__About this exercise__
Using the data that follows, give again word for word the lines between the one holding "ประกาศ ขอเชิญชวนคณะครู นักเรียน" and the one holding "Czarne, metalowe nogi", inclusive. Omit the pictures.

__Records provided__

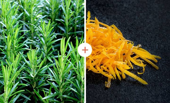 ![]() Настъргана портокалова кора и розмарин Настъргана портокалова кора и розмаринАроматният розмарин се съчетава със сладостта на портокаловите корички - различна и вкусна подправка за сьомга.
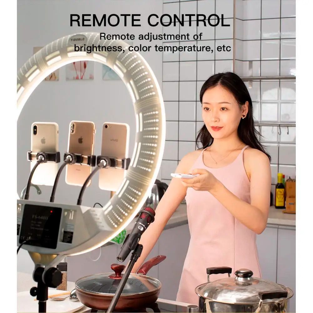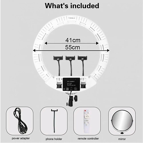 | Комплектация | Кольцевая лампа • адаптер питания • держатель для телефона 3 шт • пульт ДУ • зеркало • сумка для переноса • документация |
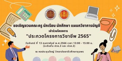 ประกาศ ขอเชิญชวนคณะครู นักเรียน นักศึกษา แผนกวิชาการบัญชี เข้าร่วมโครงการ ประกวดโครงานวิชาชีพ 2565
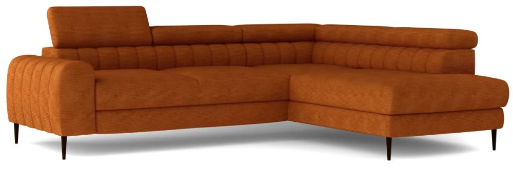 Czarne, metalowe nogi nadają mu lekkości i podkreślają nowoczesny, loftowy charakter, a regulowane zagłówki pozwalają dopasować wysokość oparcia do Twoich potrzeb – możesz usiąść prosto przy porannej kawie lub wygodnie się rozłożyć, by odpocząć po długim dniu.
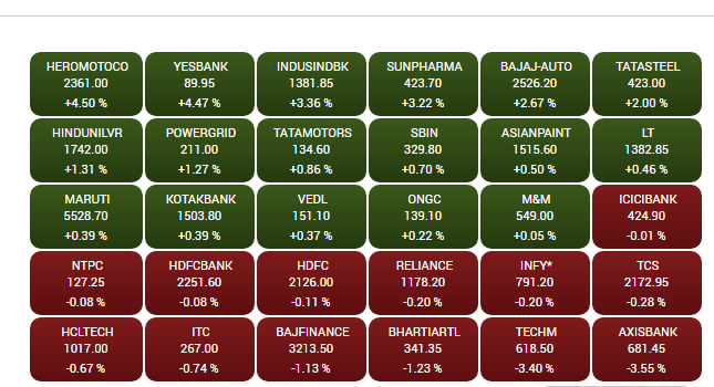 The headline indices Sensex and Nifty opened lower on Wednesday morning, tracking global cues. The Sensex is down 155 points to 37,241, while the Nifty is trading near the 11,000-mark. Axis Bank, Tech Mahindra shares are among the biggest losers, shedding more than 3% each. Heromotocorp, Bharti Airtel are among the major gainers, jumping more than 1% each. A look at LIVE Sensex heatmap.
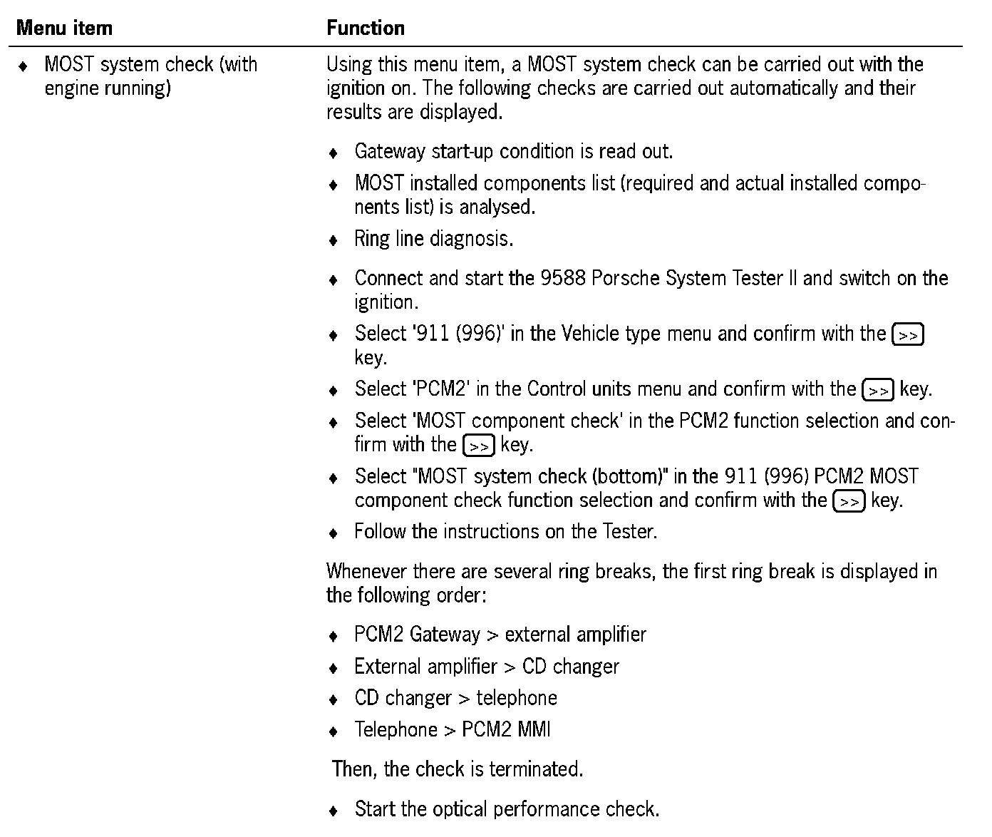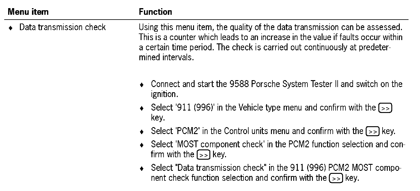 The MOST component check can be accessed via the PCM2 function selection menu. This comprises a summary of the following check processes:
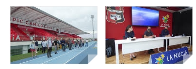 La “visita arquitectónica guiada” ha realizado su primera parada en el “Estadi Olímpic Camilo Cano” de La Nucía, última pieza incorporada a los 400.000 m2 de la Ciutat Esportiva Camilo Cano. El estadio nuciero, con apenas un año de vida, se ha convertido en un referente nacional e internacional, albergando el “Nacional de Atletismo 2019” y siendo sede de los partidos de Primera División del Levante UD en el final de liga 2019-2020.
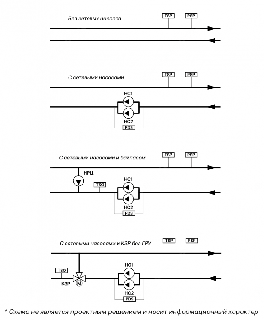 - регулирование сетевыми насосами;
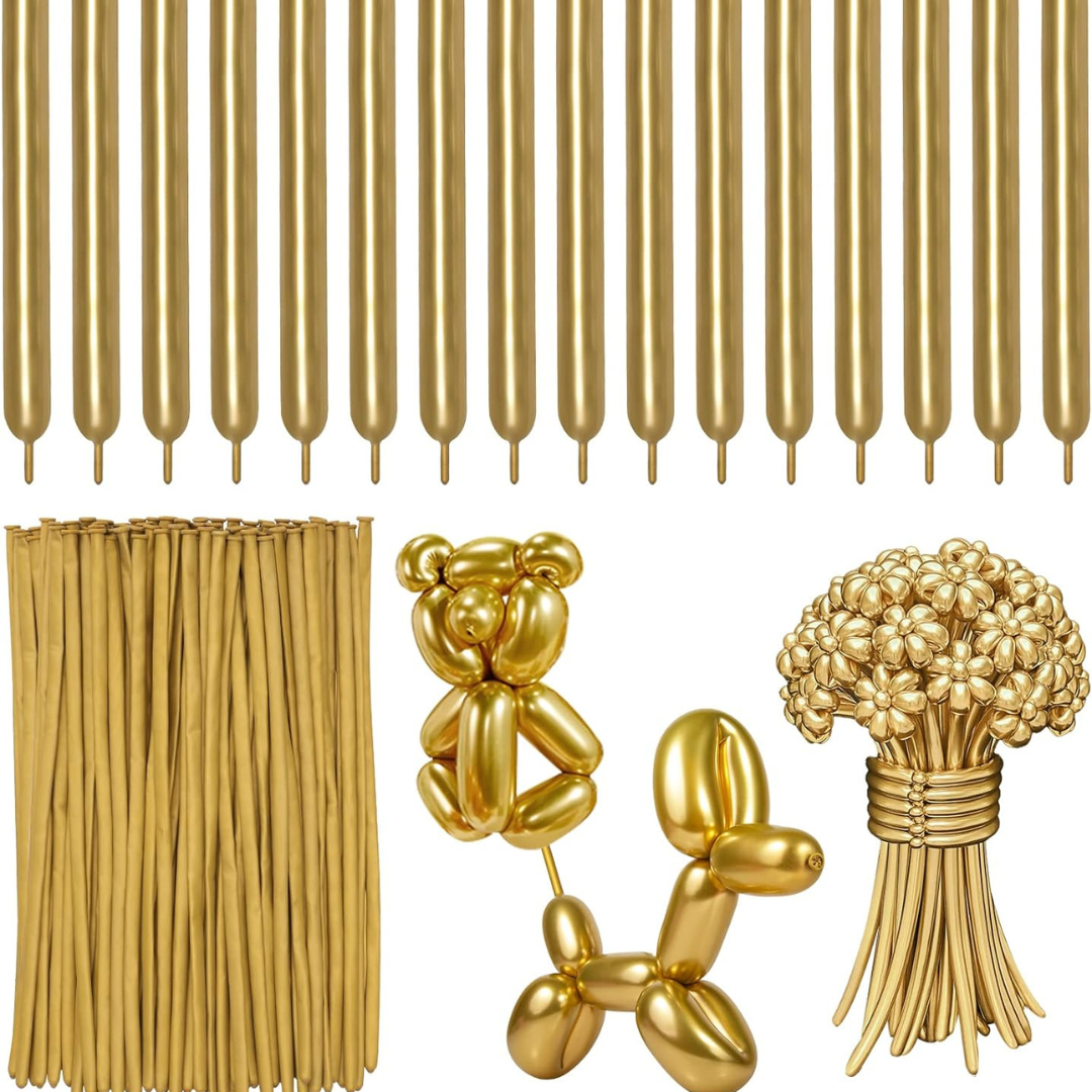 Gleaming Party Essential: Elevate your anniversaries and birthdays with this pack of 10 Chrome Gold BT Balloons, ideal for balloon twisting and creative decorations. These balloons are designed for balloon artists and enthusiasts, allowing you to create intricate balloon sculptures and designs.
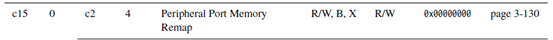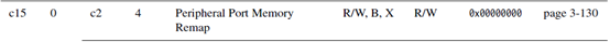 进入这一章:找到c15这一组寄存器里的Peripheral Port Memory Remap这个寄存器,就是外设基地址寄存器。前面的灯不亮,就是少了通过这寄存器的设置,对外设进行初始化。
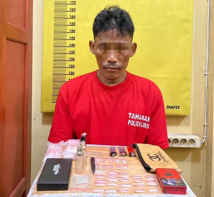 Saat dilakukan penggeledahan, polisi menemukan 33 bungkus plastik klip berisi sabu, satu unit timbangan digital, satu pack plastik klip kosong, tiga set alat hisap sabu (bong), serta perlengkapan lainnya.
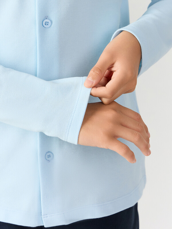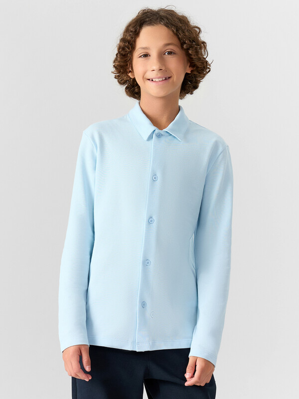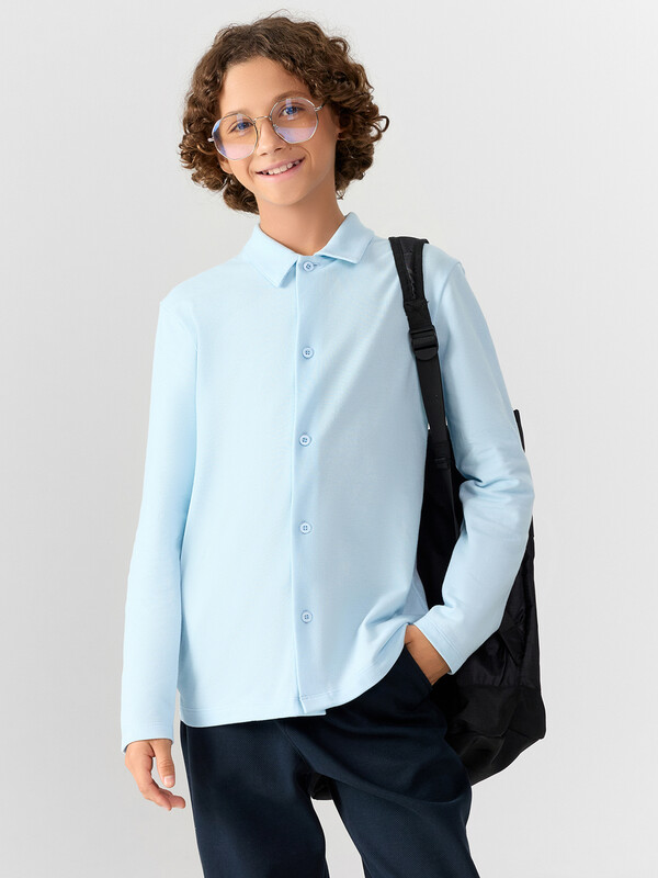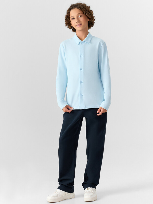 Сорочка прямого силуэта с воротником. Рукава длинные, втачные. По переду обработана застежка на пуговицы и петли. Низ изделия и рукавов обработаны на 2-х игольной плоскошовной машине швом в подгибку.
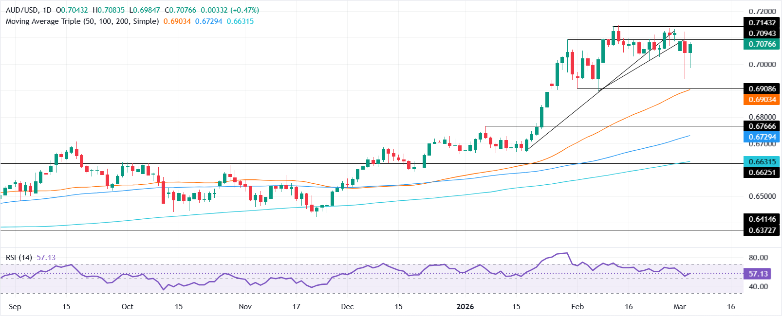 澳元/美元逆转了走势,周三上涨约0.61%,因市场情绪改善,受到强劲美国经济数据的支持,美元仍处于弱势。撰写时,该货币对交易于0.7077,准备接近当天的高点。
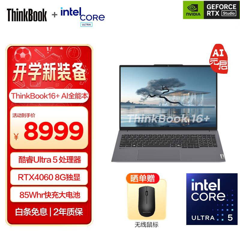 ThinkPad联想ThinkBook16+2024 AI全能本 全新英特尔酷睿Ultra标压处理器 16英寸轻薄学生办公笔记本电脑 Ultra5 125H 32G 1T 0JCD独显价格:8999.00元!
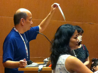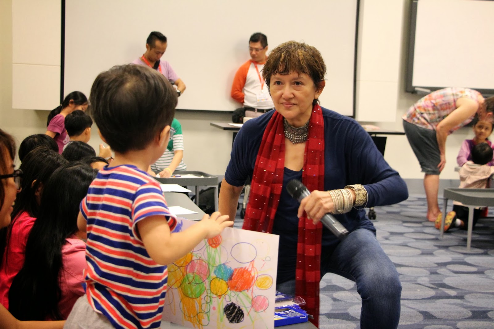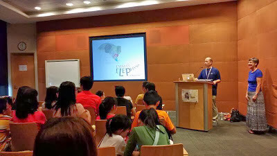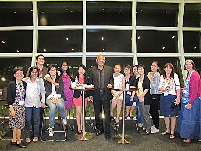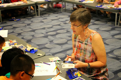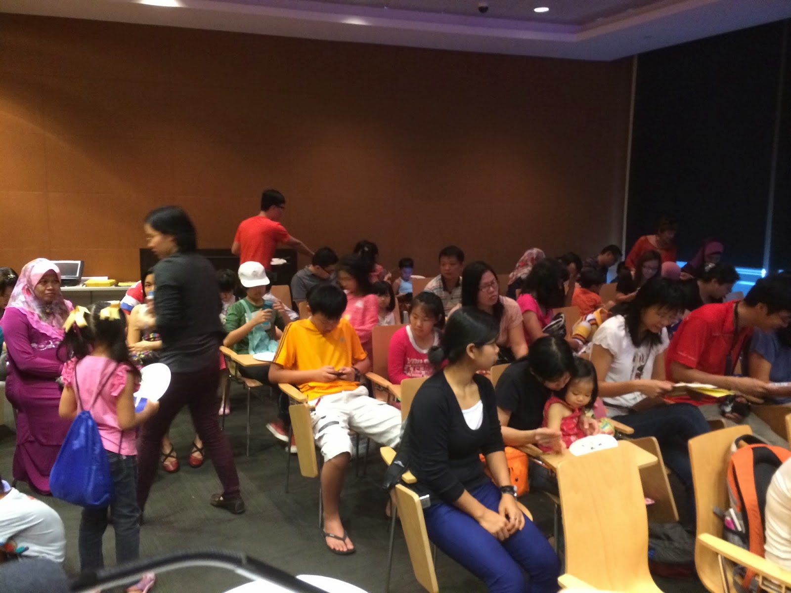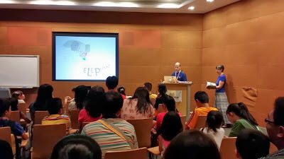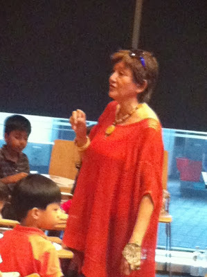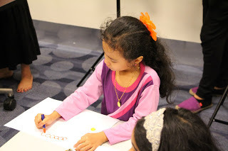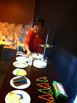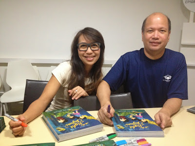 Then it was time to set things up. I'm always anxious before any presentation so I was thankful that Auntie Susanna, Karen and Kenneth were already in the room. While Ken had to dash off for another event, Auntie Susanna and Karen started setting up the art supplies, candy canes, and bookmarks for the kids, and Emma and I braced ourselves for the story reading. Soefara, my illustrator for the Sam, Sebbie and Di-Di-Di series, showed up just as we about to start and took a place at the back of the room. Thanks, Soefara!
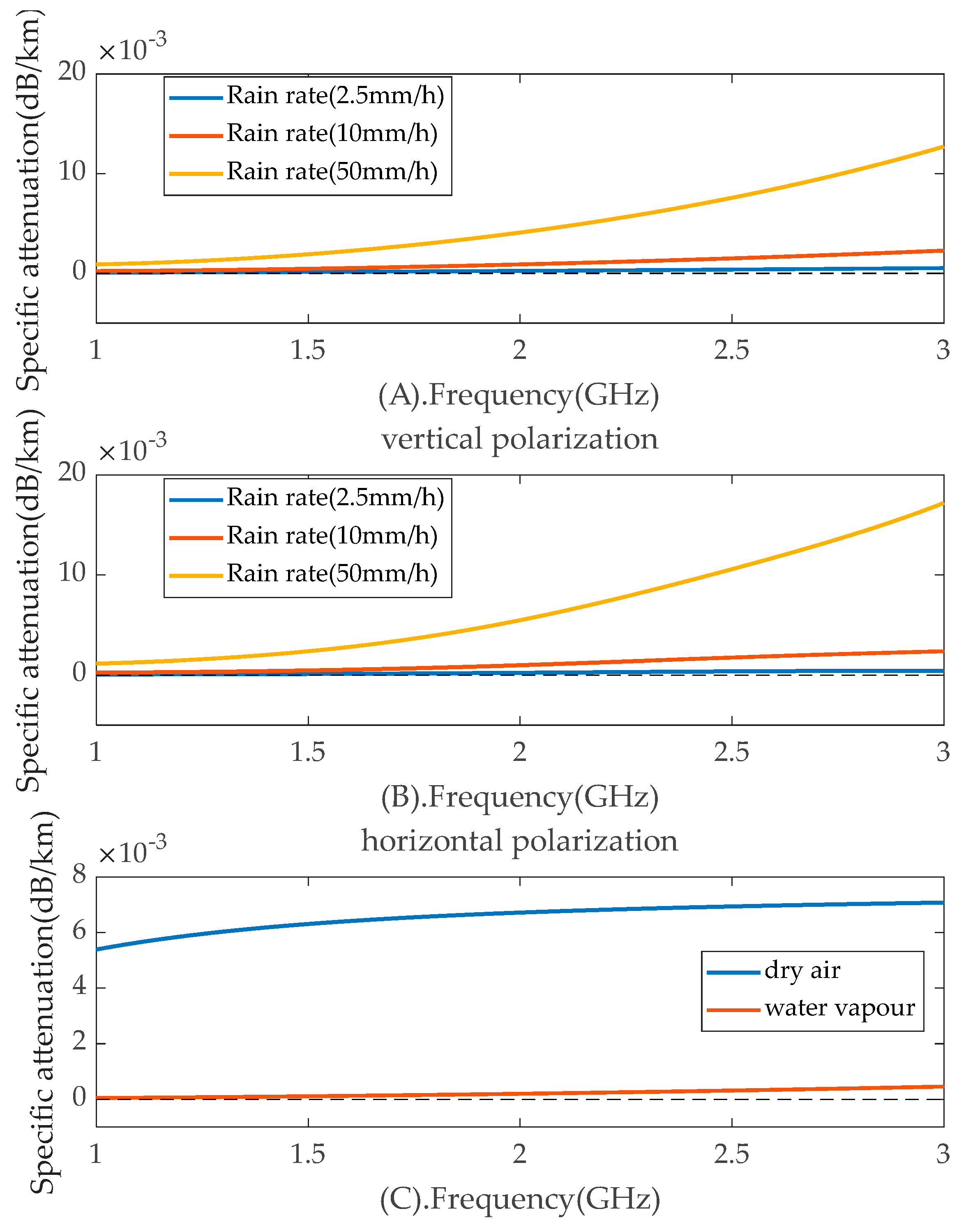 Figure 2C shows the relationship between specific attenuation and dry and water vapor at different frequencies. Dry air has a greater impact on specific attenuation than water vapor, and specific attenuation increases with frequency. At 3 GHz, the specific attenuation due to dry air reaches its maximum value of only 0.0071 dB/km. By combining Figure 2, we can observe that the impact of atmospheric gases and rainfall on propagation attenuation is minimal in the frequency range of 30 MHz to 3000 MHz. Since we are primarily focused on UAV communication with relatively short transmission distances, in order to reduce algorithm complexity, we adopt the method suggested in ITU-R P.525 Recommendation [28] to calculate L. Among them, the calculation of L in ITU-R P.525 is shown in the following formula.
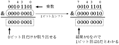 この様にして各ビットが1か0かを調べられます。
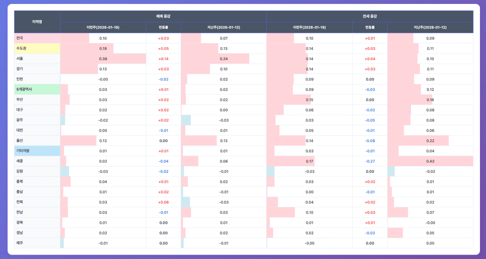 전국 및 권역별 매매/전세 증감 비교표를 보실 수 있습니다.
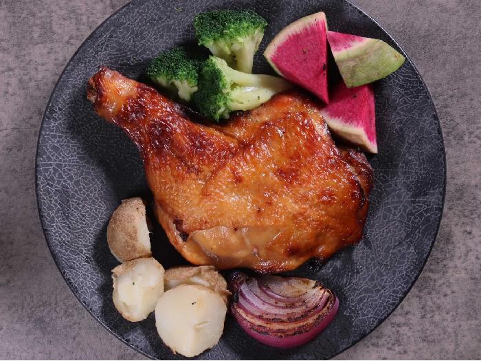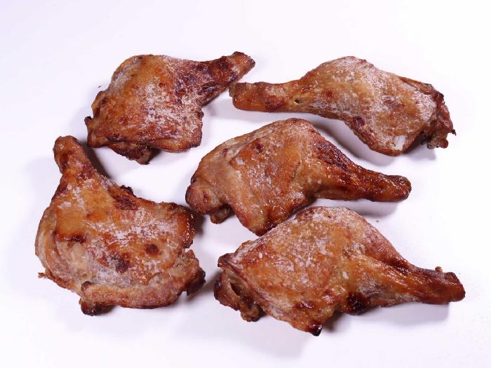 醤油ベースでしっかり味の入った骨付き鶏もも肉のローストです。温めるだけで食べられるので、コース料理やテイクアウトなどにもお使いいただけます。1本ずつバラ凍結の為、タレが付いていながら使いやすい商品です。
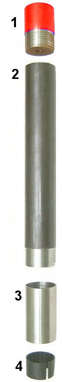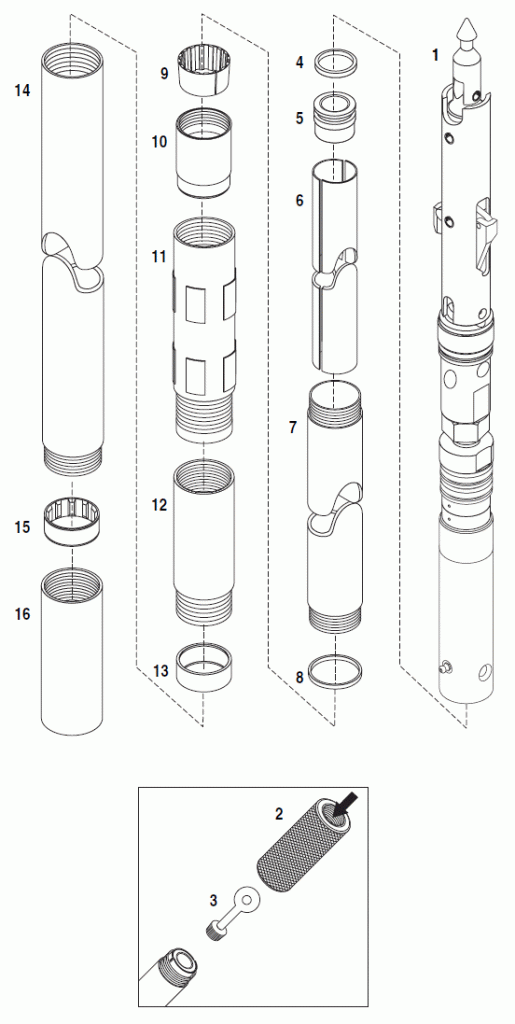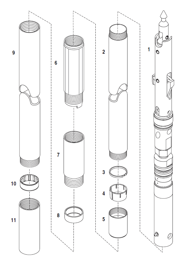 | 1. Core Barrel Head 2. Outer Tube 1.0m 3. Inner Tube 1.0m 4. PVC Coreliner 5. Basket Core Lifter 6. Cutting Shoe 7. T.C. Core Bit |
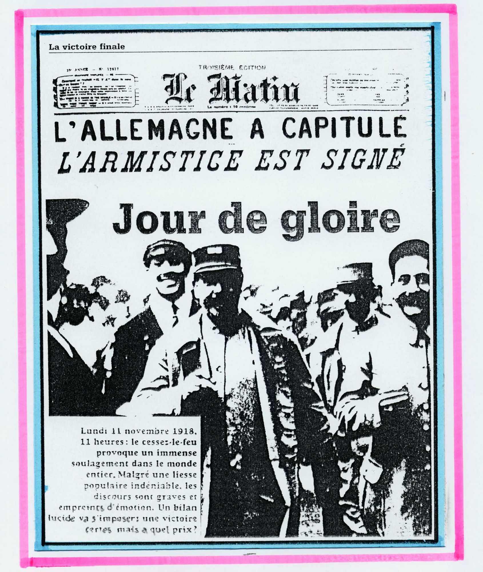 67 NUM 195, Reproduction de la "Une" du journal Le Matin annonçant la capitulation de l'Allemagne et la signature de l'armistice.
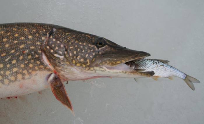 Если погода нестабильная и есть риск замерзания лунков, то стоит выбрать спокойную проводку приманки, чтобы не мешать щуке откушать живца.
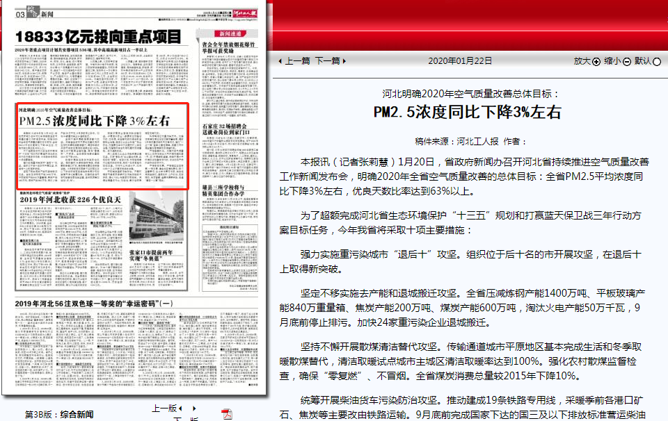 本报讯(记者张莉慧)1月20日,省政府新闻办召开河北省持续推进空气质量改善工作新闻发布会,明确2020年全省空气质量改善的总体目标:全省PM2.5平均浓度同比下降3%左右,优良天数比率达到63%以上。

__Answer space__
 ประกาศ ขอเชิญชวนคณะครู นักเรียน นักศึกษา แผนกวิชาการบัญชี เข้าร่วมโครงการ ประกวดโครงานวิชาชีพ 2565
 Czarne, metalowe nogi nadają mu lekkości i podkreślają nowoczesny, loftowy charakter, a regulowane zagłówki pozwalają dopasować wysokość oparcia do Twoich potrzeb – możesz usiąść prosto przy porannej kawie lub wygodnie się rozłożyć, by odpocząć po długim dniu.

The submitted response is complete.